My advice is to experiment with as many pistols as you can, decide what size pistol you are actually willing to carry all the time, and buy  and carry the one you can shoot the best.


----------



## Cestes1abac

For me this question has lots of variables. Some variables are: clothes that you are wearing while carrying, how you will carry the firearm(owb, iwb, aiwb) , tucked/untucked, many others.  I carry a couple of different firearms at different times.  Summer time tucked my XDS 9mm in a WhiteHatHolsters.com microtuck with UltiClips. All other times I like to carry XDS9mm and Glock 19 appendix if I am able to cover with untucked shirt or vest/jacket.  My appendix holsters are from GreenForceTactical.com.    I would buy a gun that you can shoot well and that you can get good quality holsters for.  I would get a good belt as well.  My belt came from SOE(Special Operations Equipment)


----------



## Dub

G19 riding in a Milt Sparks Criterion has been a good fit for me.


----------



## AParker511

Glock 43. Love mine.


----------



## deerslayer357

Springfield emp40 in a crossbreed supertuck for me


----------



## BowanaLee

First off, it doesn't do any good if you leave it in your vehicle. It has to be on your body everywhere you go. The gun you carry depends on your line of work and how you dress. I'm a construction worker. I wear tool belts and safety belts so can't put it there. My legs are wrapped in ladders so I can let go and work with my hands. Can't use an ankle holster. The only place I could find was in my pocket so it had to be small and safe. I wanted a good safety that couldn't be switched by outside interference. I have a Taurus slim 9mm but its a tad big for a pocket in my business. I narrowed it down to these two. I couldn't choose one so I just got them both. S&W bodyguard and NAA 22 mag. The 22 mag revolver is only a close range point and shoot gun. Effective range about 10 ft. If they're outside 10 ft they're probably not a threat. The body guard is effective about 20-25 yds.  Its my main carry gun. I use Mikes size 3 inside the pocket holster cut down a little so I can get my fingers in it and switch the safety before I draw it. If you decide to pocket carry be sure to use a pocket holster or tape the barrel. Pocket lint will get packed in the barrel. You can't tape semi autos or at least mine. Its a shame we have to carry but this world has changed. Be safe my friends.


----------



## 95g atl

Old thread:
LCR (that's the 380) in my pocket all the time.
When deep concealment is necessary, NAA 22/22mag.
When at the hunt club OR ghetto areas, Glock 26 or 29.
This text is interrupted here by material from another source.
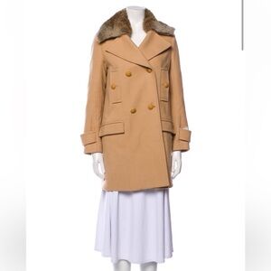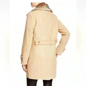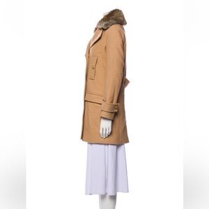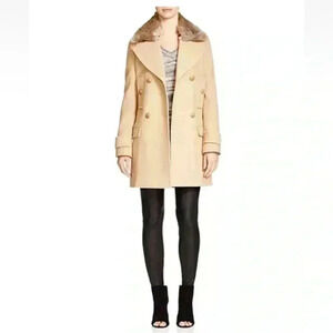 $995 Vince Rabbit Fur Collar Wool Blend Coat, Almond Size 2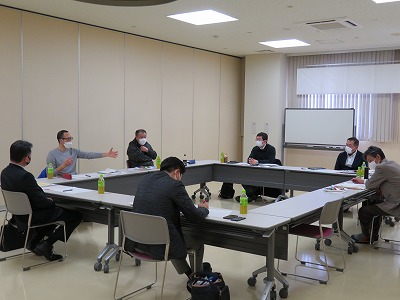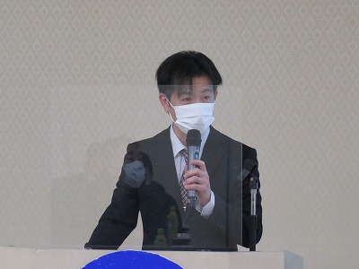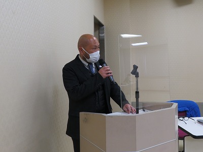 この交流学習会は二部構成で行い、第一部では「学習会」として、連合福井の岡本局長から「2023春闘の基本スタンスとポイント」について説明した後、この後の「グループ情報交換会」のオリエンテーションも行いました。

Folks may argue with stopping power of a 380 or 22mag with the small NAA.  I agree, it is marginal, however, I would rather have something with me, than nothing at all.  It is not practical for me to always carry something larger.


----------



## gregj

I used to carry a Kel-Tec P32    ALL THE TIME,  then i sold it and bought a  Browning  1911-380.  I love the pistol but hardly ever carry it cause it's just too big to put in my pocket like i used to carry the 32.  I am thinking of getting another Kel Tec but in a 380.  It fits in my pocket and disappears. I know i could get an  IWB holster for the Browning  but i like a pocket carry cause you don't have to worry about it "printing"  or having to wear a shirt out side of your pants.


----------



## 95g atl

gregj said:


> I used to carry a Kel-Tec P32    ALL THE TIME,  then i sold it and bought a  Browning  1911-380.  I love the pistol but hardly ever carry it cause it's just too big to put in my pocket like i used to carry the 32.  I am thinking of getting another Kel Tec but in a 380.  It fits in my pocket and disappears. I know i could get an  IWB holster for the Browning  but i like a pocket carry cause you don't have to worry about it "printing"  or having to wear a shirt out side of your pants.



x2.
LCP in my pocket and don't know it is there.


----------



## GunnSmokeer

Across the River:

Previously I recommended the Ruger SR9, the S&W M&P series, the Springfield XD9.  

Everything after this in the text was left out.